◆ **What the task requires**: Look through the records below for the line holding "Гитара играть, барабан". Write it out exactly, with each following line through the line holding "WXZ系列旋振篩,由直立式電".

(Exercise data begins)

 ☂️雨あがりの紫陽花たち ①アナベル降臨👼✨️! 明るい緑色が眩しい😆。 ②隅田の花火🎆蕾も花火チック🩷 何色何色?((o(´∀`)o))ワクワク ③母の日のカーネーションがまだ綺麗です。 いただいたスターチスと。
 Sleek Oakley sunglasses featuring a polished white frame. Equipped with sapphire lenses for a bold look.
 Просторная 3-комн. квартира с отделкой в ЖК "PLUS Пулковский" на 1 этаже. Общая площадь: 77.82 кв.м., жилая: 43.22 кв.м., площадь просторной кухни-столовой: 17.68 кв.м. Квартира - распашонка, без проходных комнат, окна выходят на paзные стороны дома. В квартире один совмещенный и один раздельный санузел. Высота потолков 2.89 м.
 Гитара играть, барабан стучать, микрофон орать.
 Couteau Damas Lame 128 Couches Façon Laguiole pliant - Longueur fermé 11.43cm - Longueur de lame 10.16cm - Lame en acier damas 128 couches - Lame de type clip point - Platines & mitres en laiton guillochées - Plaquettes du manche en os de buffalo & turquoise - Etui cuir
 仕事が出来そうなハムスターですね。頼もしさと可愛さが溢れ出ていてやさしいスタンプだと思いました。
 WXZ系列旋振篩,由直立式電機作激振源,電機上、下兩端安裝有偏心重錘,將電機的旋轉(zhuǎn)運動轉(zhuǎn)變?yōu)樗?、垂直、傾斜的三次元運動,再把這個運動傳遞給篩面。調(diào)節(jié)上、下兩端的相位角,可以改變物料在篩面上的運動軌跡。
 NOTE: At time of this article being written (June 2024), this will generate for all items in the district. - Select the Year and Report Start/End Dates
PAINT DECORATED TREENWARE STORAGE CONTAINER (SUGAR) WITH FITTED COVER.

(Exercise data ends)
(Exercise data begins)

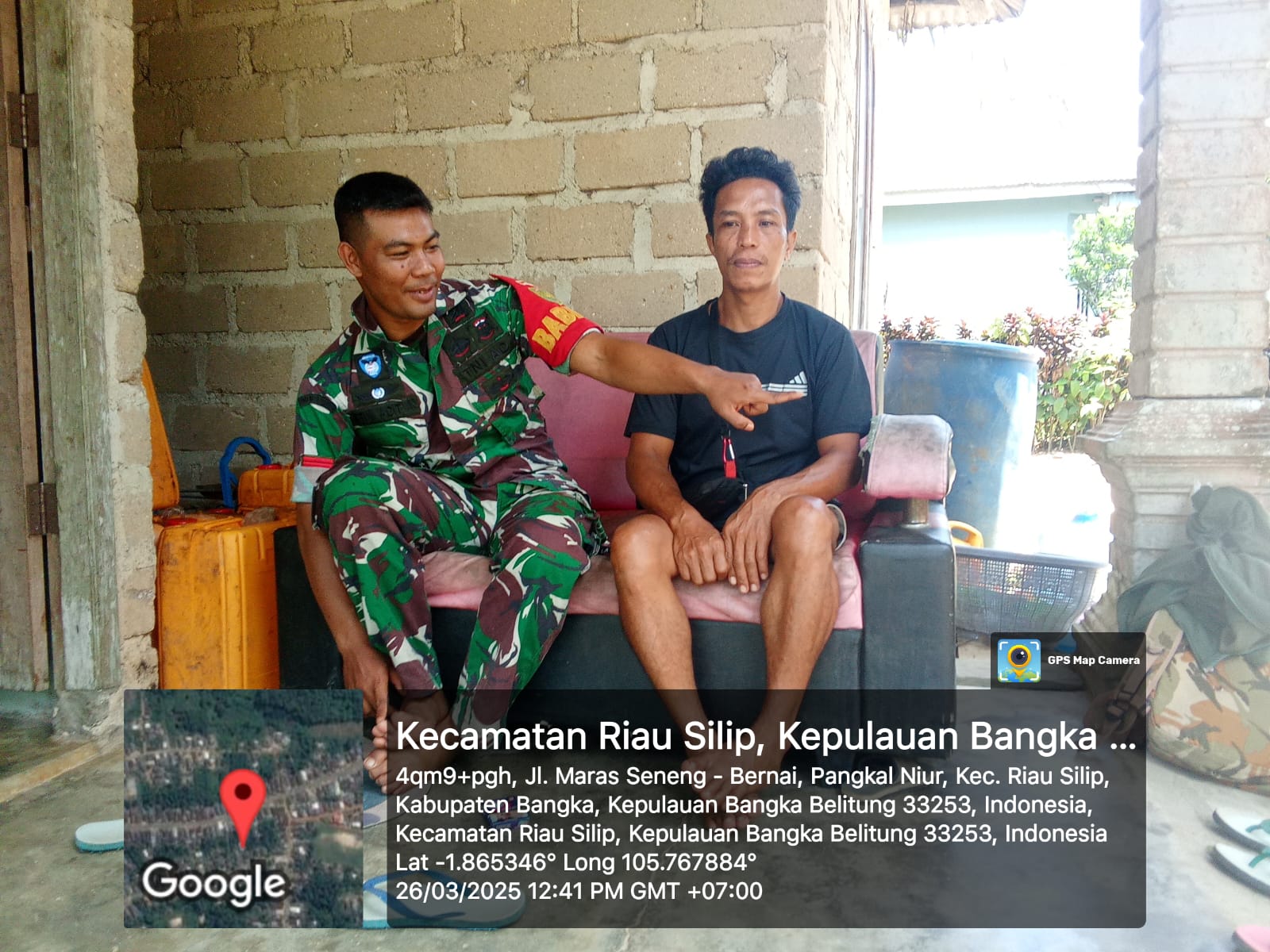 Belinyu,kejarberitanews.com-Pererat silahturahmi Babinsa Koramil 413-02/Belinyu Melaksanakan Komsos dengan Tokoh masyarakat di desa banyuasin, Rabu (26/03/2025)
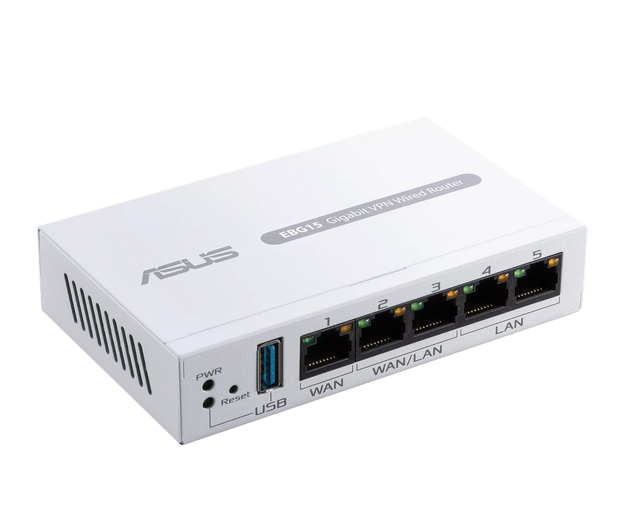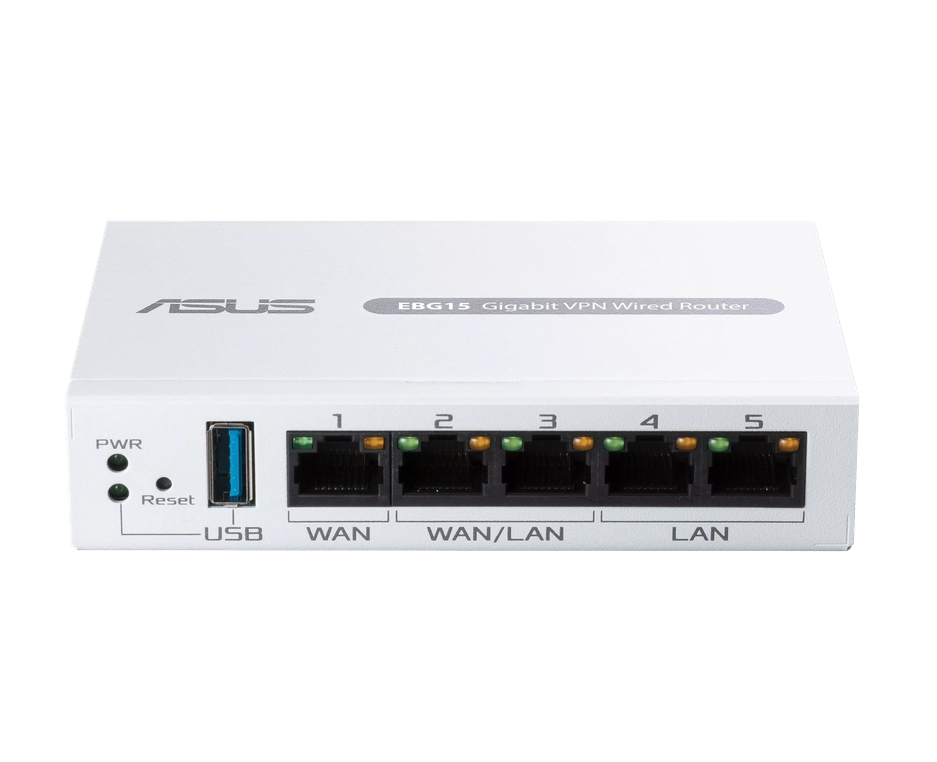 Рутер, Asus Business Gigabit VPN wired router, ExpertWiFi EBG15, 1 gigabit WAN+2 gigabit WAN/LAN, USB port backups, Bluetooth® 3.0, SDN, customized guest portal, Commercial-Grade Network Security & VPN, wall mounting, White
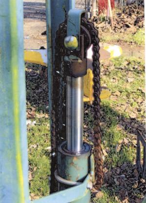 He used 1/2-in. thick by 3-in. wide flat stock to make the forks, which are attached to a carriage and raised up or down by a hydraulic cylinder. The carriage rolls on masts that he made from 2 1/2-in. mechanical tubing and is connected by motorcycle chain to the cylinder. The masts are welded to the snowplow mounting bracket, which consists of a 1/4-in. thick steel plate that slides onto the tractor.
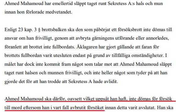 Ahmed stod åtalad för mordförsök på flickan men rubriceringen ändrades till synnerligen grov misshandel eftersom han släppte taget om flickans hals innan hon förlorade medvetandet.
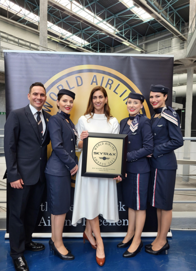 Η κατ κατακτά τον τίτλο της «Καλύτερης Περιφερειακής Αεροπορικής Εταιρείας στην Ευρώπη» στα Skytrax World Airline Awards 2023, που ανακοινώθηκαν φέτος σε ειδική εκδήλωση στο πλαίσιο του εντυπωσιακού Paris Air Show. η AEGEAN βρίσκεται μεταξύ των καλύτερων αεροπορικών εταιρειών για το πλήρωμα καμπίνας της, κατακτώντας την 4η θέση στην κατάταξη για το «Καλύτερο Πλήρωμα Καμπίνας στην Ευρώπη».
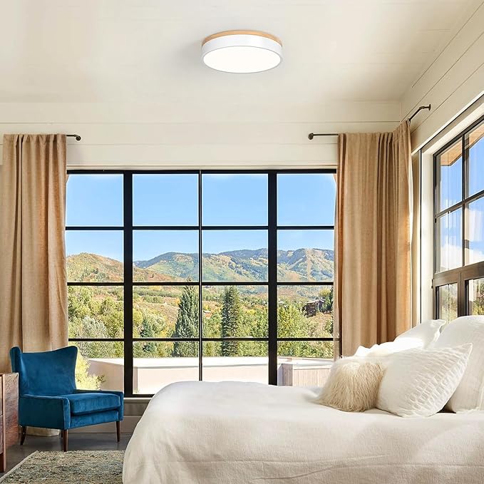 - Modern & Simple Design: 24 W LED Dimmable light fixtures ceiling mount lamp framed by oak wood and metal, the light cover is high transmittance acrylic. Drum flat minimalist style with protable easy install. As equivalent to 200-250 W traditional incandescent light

(Exercise data ends)
(Exercise data begins)

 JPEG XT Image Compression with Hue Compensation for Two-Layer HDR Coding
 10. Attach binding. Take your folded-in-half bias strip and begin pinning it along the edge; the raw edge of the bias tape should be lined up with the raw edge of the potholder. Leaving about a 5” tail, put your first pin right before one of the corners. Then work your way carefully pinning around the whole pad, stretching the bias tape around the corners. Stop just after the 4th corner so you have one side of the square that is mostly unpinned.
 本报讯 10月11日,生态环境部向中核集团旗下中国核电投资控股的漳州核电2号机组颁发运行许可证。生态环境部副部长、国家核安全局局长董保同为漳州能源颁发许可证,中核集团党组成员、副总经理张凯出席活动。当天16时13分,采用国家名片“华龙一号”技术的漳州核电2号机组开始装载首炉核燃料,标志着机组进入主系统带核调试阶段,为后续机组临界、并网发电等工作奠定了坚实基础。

(Exercise data ends)

◆ **Answer box**:
 Гитара играть, барабан стучать, микрофон орать.
 Couteau Damas Lame 128 Couches Façon Laguiole pliant - Longueur fermé 11.43cm - Longueur de lame 10.16cm - Lame en acier damas 128 couches - Lame de type clip point - Platines & mitres en laiton guillochées - Plaquettes du manche en os de buffalo & turquoise - Etui cuir
 仕事が出来そうなハムスターですね。頼もしさと可愛さが溢れ出ていてやさしいスタンプだと思いました。
 WXZ系列旋振篩,由直立式電機作激振源,電機上、下兩端安裝有偏心重錘,將電機的旋轉(zhuǎn)運動轉(zhuǎn)變?yōu)樗?、垂直、傾斜的三次元運動,再把這個運動傳遞給篩面。調(diào)節(jié)上、下兩端的相位角,可以改變物料在篩面上的運動軌跡。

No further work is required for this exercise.